■ What the task requires:
Using the data that follows, give again word for word the lines between the one holding "Le vent qui" and the one holding "2025年8月23日,村民們", inclusive. Omit the pictures.

■ Data:
_____
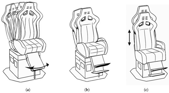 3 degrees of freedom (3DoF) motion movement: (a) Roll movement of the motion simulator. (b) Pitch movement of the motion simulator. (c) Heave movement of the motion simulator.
_____
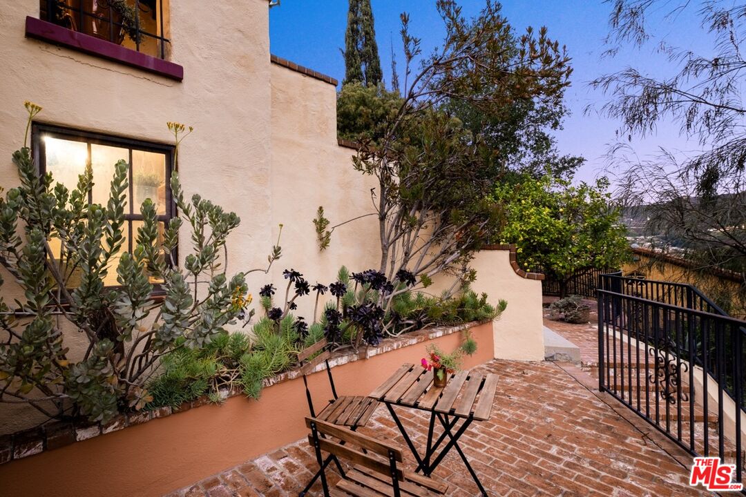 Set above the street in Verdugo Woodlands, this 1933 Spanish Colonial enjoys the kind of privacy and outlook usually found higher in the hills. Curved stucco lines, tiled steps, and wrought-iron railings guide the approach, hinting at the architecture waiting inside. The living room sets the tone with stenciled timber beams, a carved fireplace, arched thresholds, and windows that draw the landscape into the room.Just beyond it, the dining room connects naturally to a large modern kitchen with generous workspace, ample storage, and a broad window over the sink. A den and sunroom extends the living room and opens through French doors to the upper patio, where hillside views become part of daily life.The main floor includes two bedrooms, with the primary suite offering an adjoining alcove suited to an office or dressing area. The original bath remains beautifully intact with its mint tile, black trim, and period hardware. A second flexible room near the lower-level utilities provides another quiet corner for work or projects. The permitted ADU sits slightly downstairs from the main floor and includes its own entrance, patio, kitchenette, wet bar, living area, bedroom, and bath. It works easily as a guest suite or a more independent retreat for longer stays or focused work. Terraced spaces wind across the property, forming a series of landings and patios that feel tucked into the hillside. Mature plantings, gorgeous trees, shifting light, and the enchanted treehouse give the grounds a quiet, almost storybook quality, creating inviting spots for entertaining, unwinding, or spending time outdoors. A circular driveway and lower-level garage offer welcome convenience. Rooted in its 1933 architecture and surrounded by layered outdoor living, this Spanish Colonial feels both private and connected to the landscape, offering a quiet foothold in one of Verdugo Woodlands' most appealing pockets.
_____
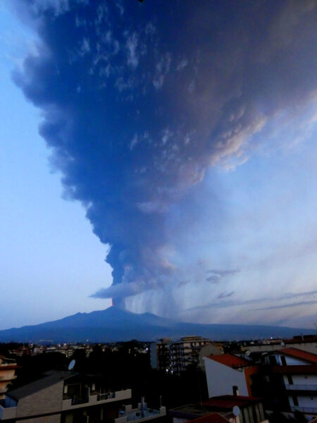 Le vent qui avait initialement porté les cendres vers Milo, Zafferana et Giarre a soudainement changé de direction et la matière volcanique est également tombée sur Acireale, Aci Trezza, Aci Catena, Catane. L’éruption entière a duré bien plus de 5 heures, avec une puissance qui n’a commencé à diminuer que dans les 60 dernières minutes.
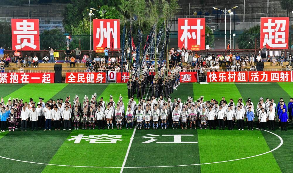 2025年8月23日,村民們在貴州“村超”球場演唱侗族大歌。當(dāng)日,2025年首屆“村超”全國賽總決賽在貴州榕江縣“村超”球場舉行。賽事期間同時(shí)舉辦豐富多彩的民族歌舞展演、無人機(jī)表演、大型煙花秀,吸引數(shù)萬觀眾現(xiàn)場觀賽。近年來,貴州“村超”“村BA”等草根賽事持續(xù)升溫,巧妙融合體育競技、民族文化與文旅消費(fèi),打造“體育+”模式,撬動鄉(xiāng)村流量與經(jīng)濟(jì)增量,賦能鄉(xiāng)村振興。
_____
■ The answer:
 Le vent qui avait initialement porté les cendres vers Milo, Zafferana et Giarre a soudainement changé de direction et la matière volcanique est également tombée sur Acireale, Aci Trezza, Aci Catena, Catane. L’éruption entière a duré bien plus de 5 heures, avec une puissance qui n’a commencé à diminuer que dans les 60 dernières minutes.
 2025年8月23日,村民們在貴州“村超”球場演唱侗族大歌。當(dāng)日,2025年首屆“村超”全國賽總決賽在貴州榕江縣“村超”球場舉行。賽事期間同時(shí)舉辦豐富多彩的民族歌舞展演、無人機(jī)表演、大型煙花秀,吸引數(shù)萬觀眾現(xiàn)場觀賽。近年來,貴州“村超”“村BA”等草根賽事持續(xù)升溫,巧妙融合體育競技、民族文化與文旅消費(fèi),打造“體育+”模式,撬動鄉(xiāng)村流量與經(jīng)濟(jì)增量,賦能鄉(xiāng)村振興。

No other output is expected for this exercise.